■ Work request: The answer must be an exact copy of the lines from the one containing "ganondorf, long wavy" through the last line of the records, with no pictures.

[Recorded data]
————————
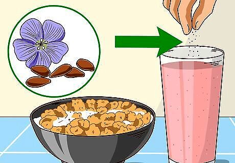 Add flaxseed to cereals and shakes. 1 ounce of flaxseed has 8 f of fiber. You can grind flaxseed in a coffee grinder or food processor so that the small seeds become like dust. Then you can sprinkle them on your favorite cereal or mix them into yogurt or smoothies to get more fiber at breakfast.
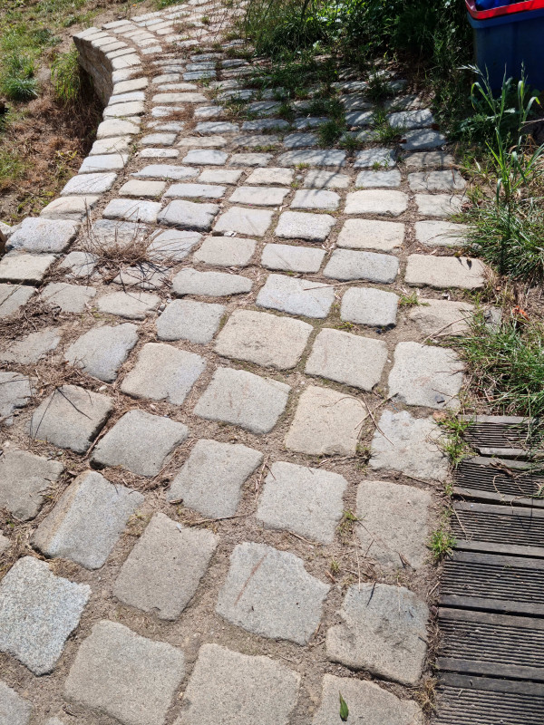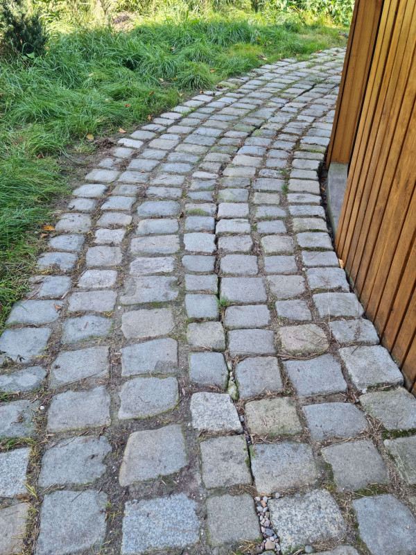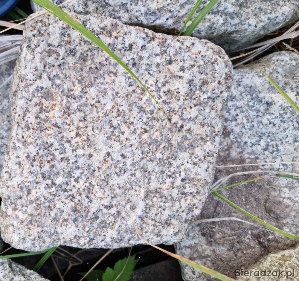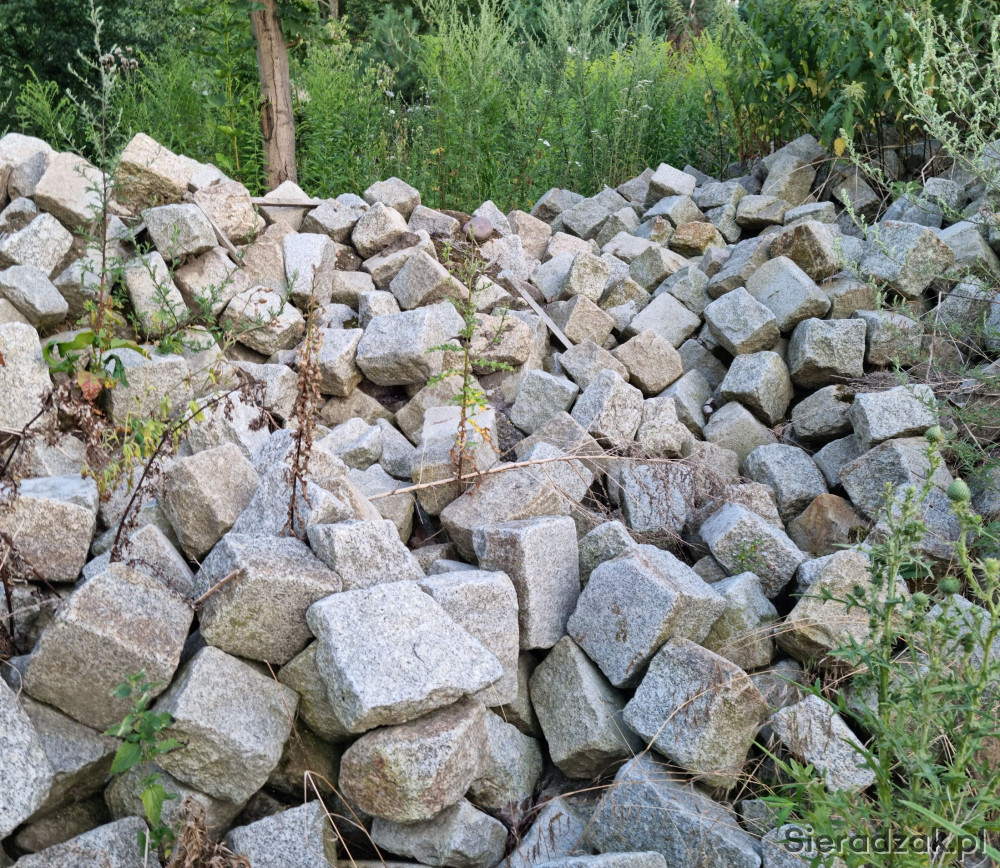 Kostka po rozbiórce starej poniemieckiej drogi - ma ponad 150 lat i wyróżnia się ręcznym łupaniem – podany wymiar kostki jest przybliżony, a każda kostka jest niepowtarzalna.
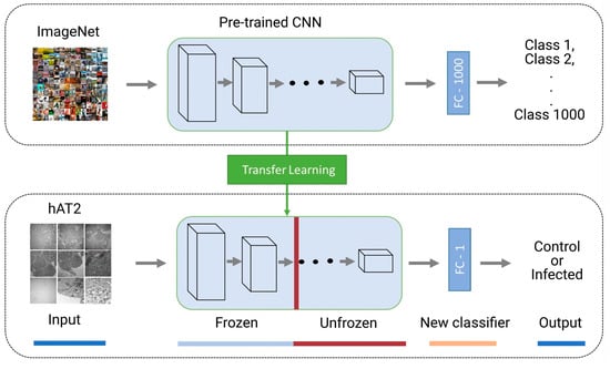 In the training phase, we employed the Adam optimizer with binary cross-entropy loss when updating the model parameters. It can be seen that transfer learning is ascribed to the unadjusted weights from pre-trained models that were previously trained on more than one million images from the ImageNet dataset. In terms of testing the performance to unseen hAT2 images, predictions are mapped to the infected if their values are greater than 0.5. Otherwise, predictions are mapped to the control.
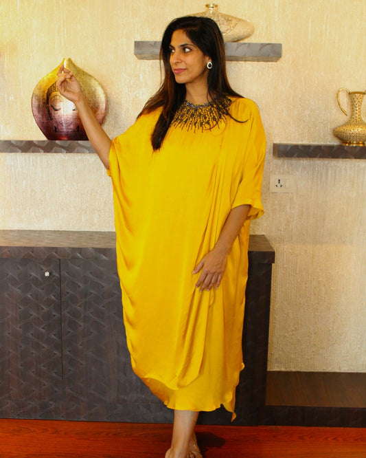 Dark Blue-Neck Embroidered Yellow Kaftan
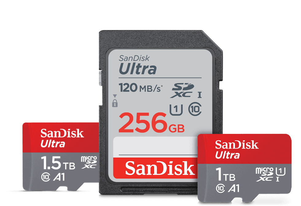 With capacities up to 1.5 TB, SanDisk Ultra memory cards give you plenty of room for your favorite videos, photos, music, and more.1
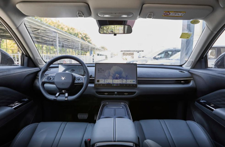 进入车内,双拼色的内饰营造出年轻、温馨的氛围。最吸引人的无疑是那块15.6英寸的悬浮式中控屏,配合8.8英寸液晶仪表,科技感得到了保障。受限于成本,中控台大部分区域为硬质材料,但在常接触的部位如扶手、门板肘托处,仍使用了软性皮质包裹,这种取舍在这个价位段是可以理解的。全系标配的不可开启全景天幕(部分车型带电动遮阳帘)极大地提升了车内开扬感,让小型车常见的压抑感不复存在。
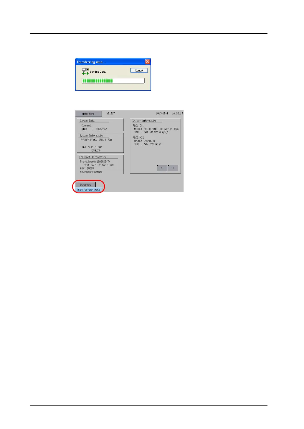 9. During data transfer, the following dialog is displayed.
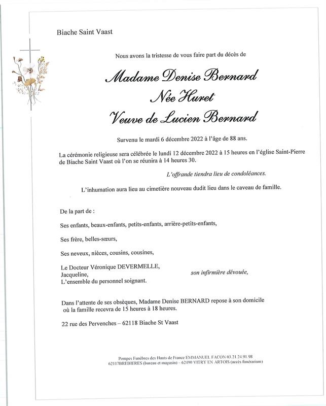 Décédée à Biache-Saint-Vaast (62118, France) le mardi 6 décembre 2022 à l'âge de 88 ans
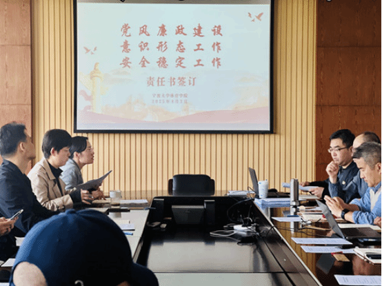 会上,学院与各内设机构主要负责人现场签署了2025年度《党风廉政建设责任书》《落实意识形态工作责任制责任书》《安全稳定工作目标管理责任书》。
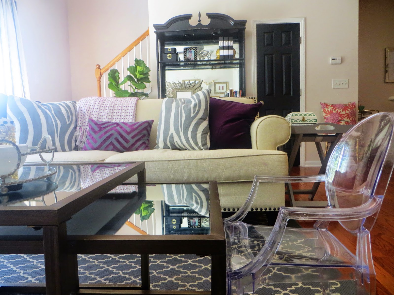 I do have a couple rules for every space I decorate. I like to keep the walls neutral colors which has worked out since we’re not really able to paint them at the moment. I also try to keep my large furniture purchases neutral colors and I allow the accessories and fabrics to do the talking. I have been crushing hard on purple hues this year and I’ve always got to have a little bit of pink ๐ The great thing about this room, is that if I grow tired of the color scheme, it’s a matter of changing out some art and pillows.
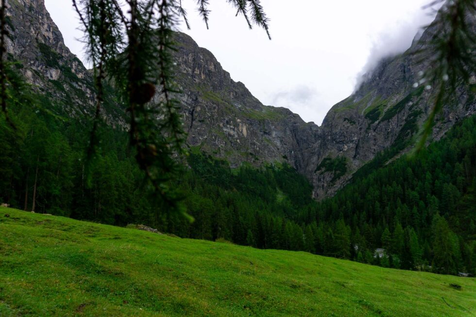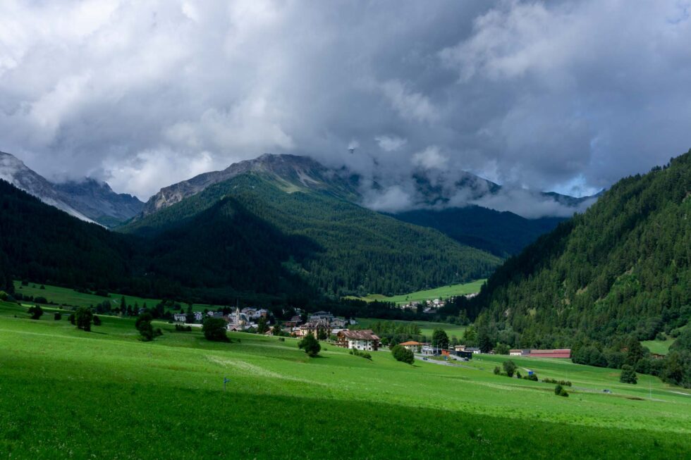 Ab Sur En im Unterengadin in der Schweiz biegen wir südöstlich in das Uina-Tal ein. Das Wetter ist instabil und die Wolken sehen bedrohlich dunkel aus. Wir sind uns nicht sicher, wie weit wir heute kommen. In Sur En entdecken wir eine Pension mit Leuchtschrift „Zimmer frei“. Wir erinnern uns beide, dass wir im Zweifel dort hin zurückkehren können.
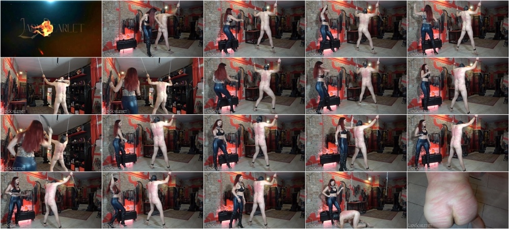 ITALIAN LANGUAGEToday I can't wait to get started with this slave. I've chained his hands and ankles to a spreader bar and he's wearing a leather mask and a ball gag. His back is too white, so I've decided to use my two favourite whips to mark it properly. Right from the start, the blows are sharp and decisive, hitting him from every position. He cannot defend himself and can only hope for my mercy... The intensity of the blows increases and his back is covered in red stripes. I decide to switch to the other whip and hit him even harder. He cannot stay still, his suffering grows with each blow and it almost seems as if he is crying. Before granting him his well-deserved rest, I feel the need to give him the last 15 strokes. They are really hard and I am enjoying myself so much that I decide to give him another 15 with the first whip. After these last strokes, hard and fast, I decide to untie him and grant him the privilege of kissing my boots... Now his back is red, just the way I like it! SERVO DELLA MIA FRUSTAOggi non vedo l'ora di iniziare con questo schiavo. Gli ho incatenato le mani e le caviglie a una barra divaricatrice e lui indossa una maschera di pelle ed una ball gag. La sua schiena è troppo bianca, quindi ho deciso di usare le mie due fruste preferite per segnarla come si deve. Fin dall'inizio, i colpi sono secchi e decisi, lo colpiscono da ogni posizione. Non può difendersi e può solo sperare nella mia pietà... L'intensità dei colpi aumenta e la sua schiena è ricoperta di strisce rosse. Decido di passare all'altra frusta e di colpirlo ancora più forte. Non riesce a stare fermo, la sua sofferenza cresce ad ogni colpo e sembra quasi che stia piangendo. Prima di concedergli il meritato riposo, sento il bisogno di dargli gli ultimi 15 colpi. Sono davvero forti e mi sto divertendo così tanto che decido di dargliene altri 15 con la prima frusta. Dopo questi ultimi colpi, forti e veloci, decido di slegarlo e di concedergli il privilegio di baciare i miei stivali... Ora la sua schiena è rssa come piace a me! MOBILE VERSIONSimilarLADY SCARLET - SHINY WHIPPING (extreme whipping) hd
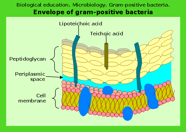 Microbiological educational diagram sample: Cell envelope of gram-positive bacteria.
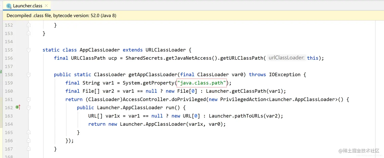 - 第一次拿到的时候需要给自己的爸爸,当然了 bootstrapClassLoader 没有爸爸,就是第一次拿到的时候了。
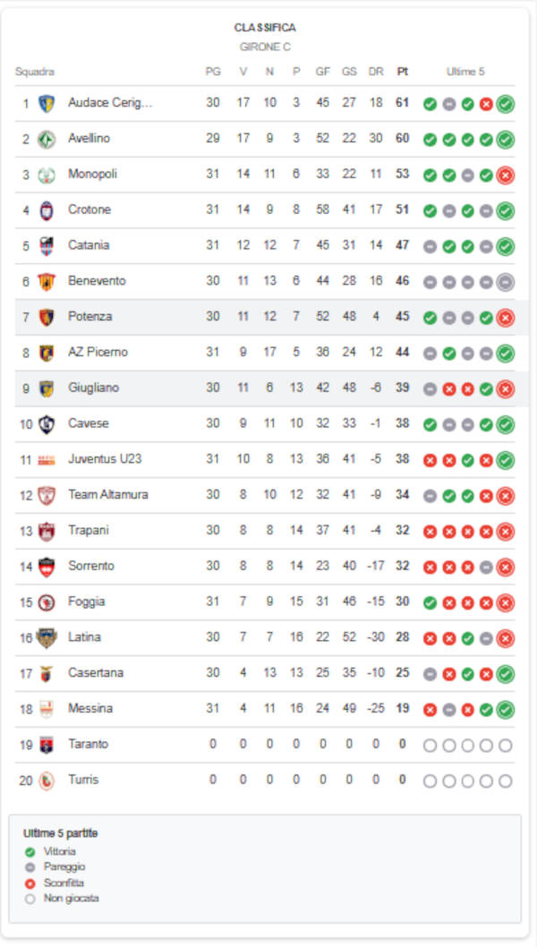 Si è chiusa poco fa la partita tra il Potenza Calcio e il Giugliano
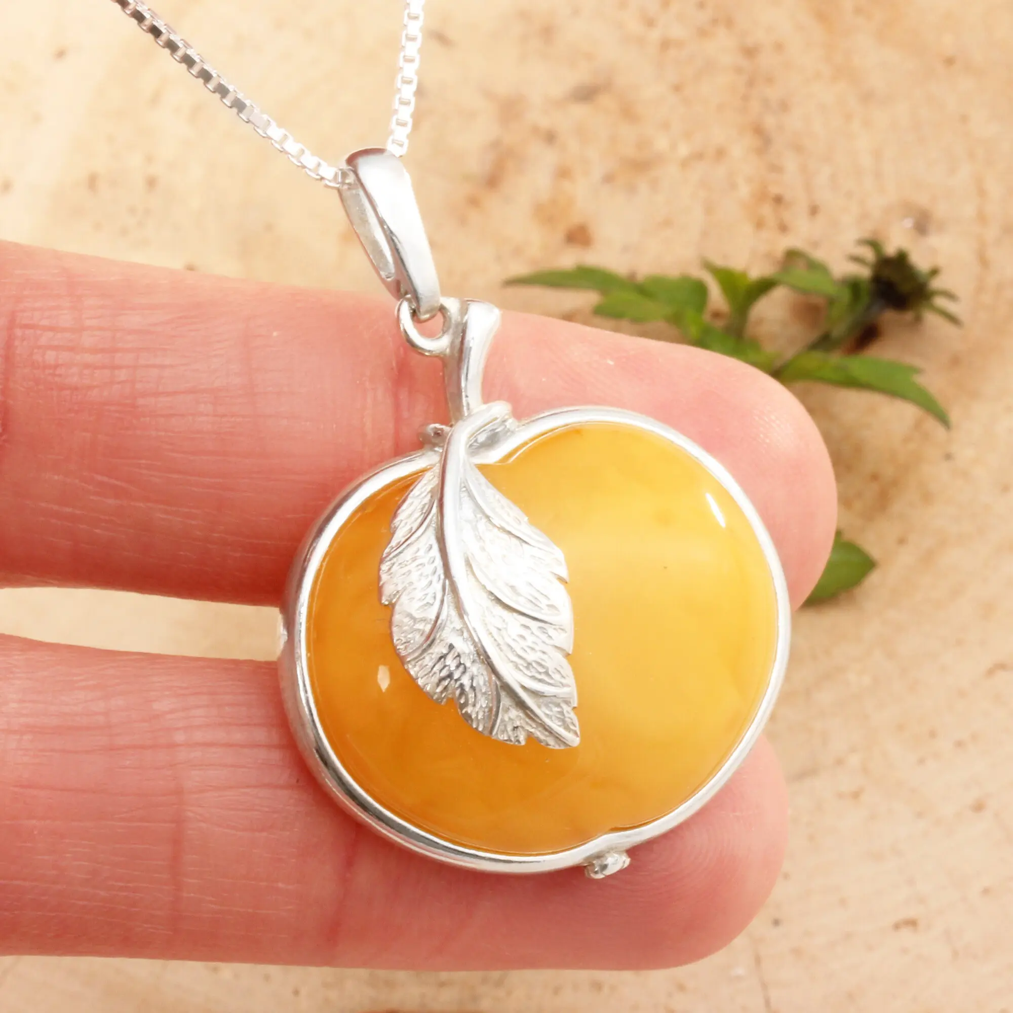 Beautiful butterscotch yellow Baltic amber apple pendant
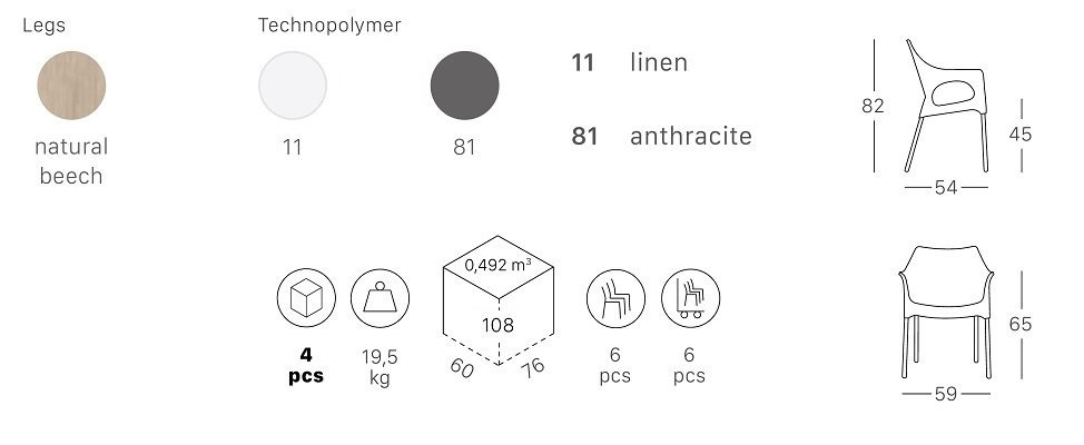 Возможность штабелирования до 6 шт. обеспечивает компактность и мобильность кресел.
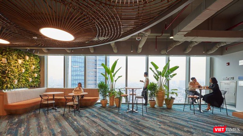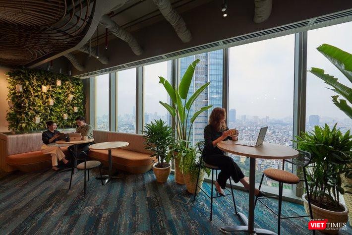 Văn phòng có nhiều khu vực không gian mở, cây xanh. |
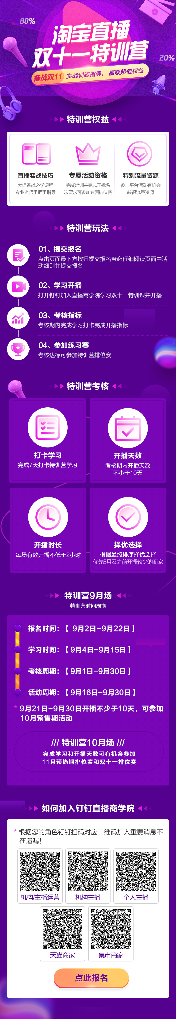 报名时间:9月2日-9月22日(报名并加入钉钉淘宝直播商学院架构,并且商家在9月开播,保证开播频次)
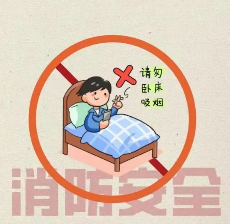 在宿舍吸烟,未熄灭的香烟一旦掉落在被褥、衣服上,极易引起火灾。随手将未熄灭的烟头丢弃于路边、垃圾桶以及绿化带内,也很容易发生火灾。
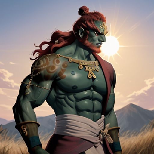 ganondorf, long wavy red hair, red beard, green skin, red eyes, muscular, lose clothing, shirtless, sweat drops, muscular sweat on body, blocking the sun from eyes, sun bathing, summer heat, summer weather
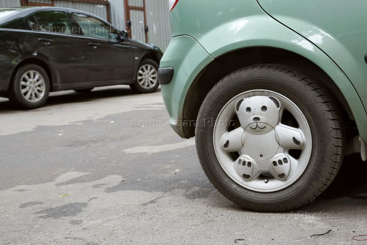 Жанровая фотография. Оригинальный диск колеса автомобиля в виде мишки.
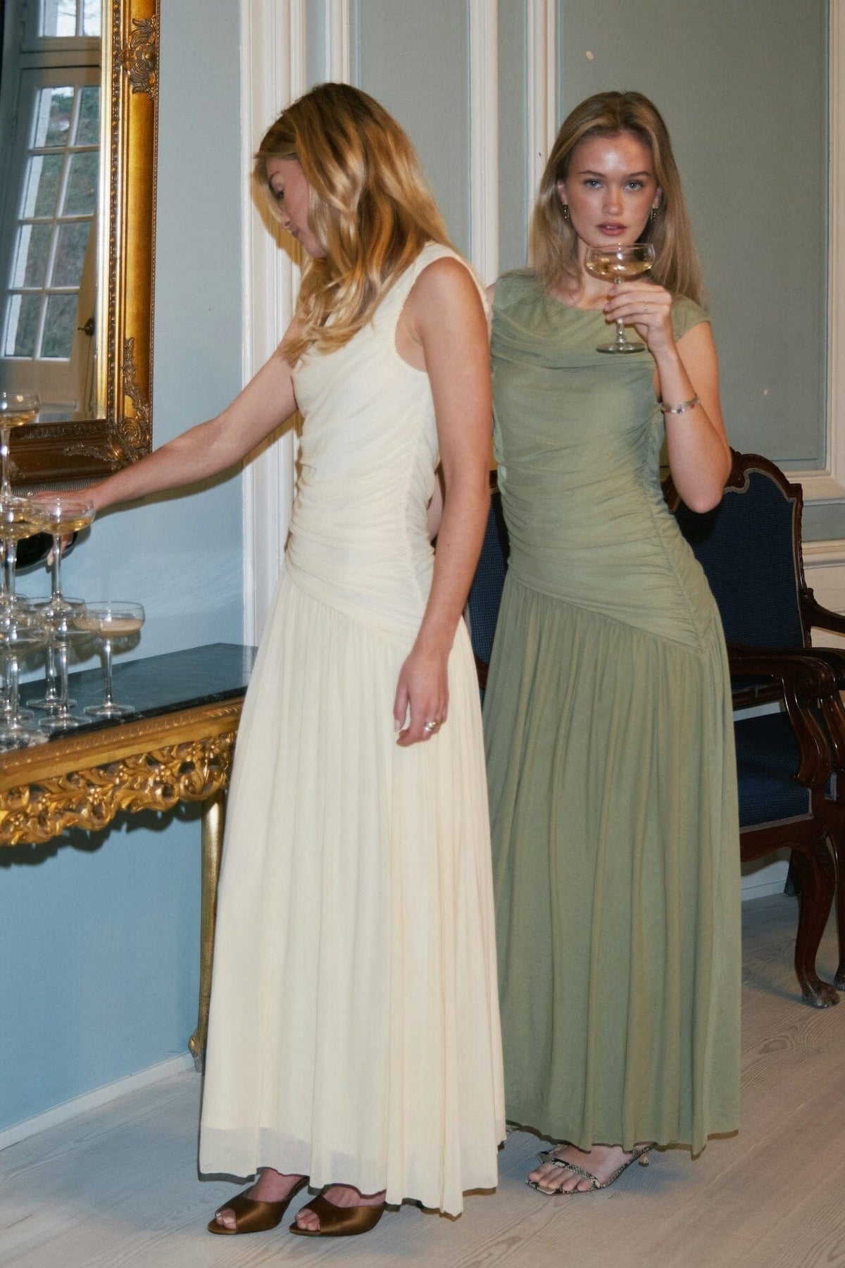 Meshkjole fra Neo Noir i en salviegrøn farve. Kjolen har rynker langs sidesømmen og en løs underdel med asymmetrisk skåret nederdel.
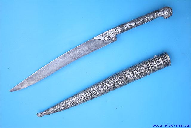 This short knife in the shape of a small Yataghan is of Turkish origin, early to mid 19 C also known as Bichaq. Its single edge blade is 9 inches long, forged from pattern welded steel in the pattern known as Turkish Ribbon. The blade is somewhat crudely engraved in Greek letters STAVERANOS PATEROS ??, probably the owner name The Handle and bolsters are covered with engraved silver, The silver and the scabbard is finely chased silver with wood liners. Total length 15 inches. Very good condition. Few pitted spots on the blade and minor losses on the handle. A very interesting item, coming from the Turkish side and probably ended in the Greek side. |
————————
■ Response to this task:
 ganondorf, long wavy red hair, red beard, green skin, red eyes, muscular, lose clothing, shirtless, sweat drops, muscular sweat on body, blocking the sun from eyes, sun bathing, summer heat, summer weather
 Жанровая фотография. Оригинальный диск колеса автомобиля в виде мишки.
 Meshkjole fra Neo Noir i en salviegrøn farve. Kjolen har rynker langs sidesømmen og en løs underdel med asymmetrisk skåret nederdel.
 This short knife in the shape of a small Yataghan is of Turkish origin, early to mid 19 C also known as Bichaq. Its single edge blade is 9 inches long, forged from pattern welded steel in the pattern known as Turkish Ribbon. The blade is somewhat crudely engraved in Greek letters STAVERANOS PATEROS ??, probably the owner name The Handle and bolsters are covered with engraved silver, The silver and the scabbard is finely chased silver with wood liners. Total length 15 inches. Very good condition. Few pitted spots on the blade and minor losses on the handle. A very interesting item, coming from the Turkish side and probably ended in the Greek side. |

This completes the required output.